• [Work order]:
The copy you give must match the records exactly, except that it holds no images.

Information supplied START

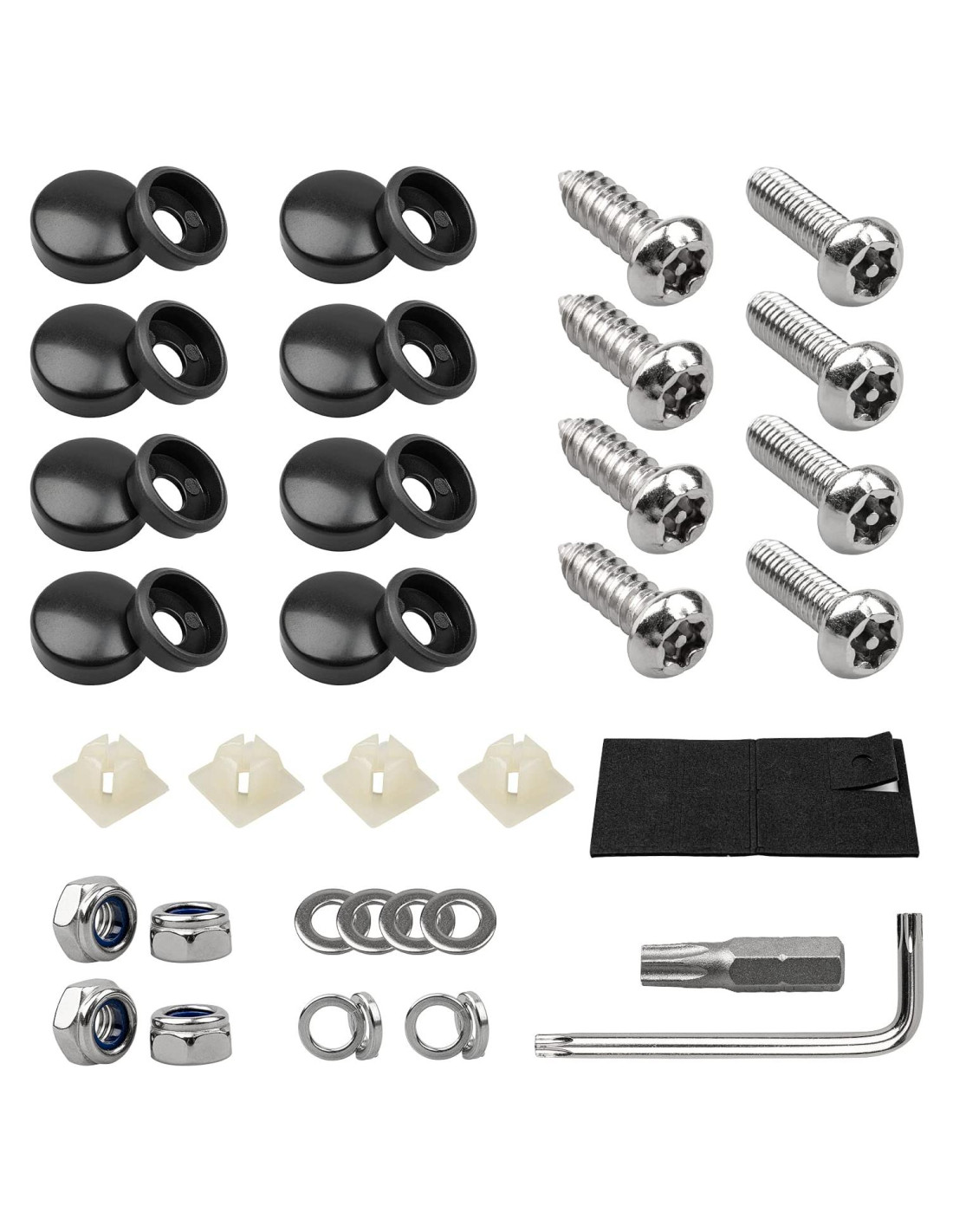 - Kits Completos de Tornillos para Placas de Matrícula: Tornillos de acero inoxidable x 8 pcs, almohadilla de espuma x 8 pcs, arandelas de tornillo x 8 pcs, cubiertas de tornillo x 8 pcs, insertos de tornillo de nylon x 4 pcs, tuerca negra x 4 pcs, llave especial en forma de ciruela para destornillador antirrobo M6
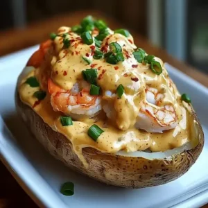 Description of this recipe: This Seafood Loaded Baked Potato with 3-Cheese Sauce is not just a meal; it’s an experience. …
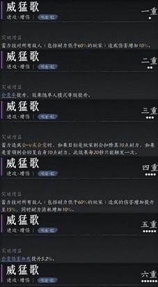 1、威猛歌是陌刀的核心心法,所有升级属性都是蓄力和会意伤害,非常适合陌刀。
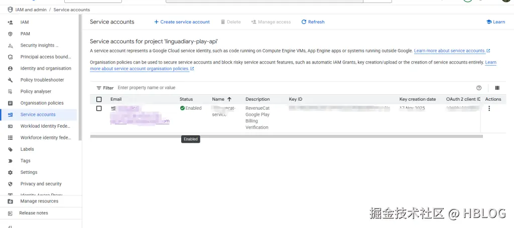三、在 Google Cloud Platform 生成 Service Account JSON(最关键)
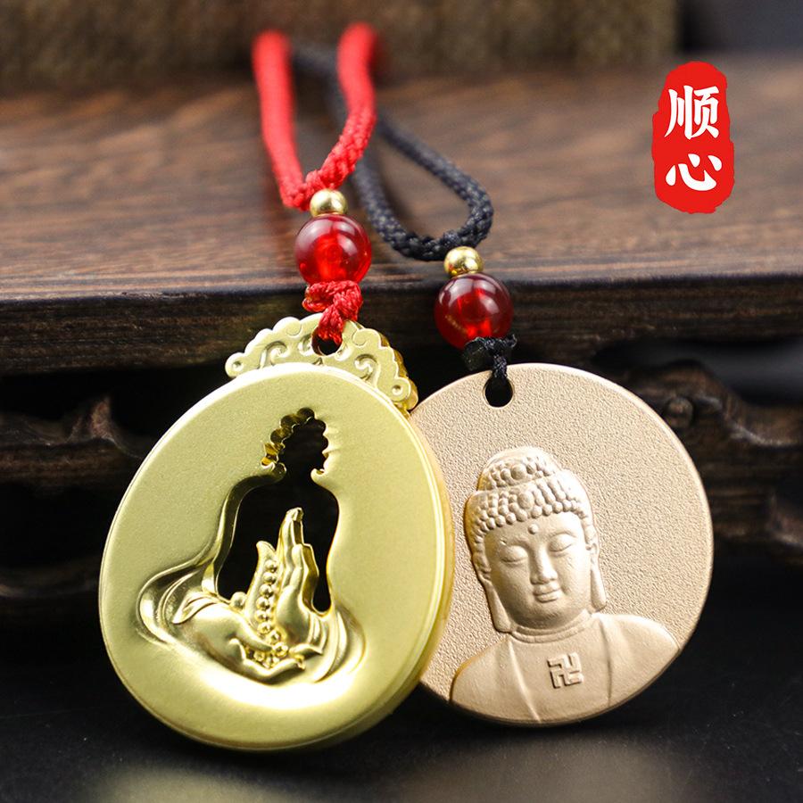 Collar Colgante Guanyin Pacífica Llavero Colgante Buda Seguro Nuevo Estilo Chino Hueco Bodhisattva Dios Guardián Colgante para Hombres y Mujeres

Information supplied END

• [Response]:
 - Kits Completos de Tornillos para Placas de Matrícula: Tornillos de acero inoxidable x 8 pcs, almohadilla de espuma x 8 pcs, arandelas de tornillo x 8 pcs, cubiertas de tornillo x 8 pcs, insertos de tornillo de nylon x 4 pcs, tuerca negra x 4 pcs, llave especial en forma de ciruela para destornillador antirrobo M6
 Description of this recipe: This Seafood Loaded Baked Potato with 3-Cheese Sauce is not just a meal; it’s an experience. …
 1、威猛歌是陌刀的核心心法,所有升级属性都是蓄力和会意伤害,非常适合陌刀。
三、在 Google Cloud Platform 生成 Service Account JSON(最关键)
 Collar Colgante Guanyin Pacífica Llavero Colgante Buda Seguro Nuevo Estilo Chino Hueco Bodhisattva Dios Guardián Colgante para Hombres y Mujeres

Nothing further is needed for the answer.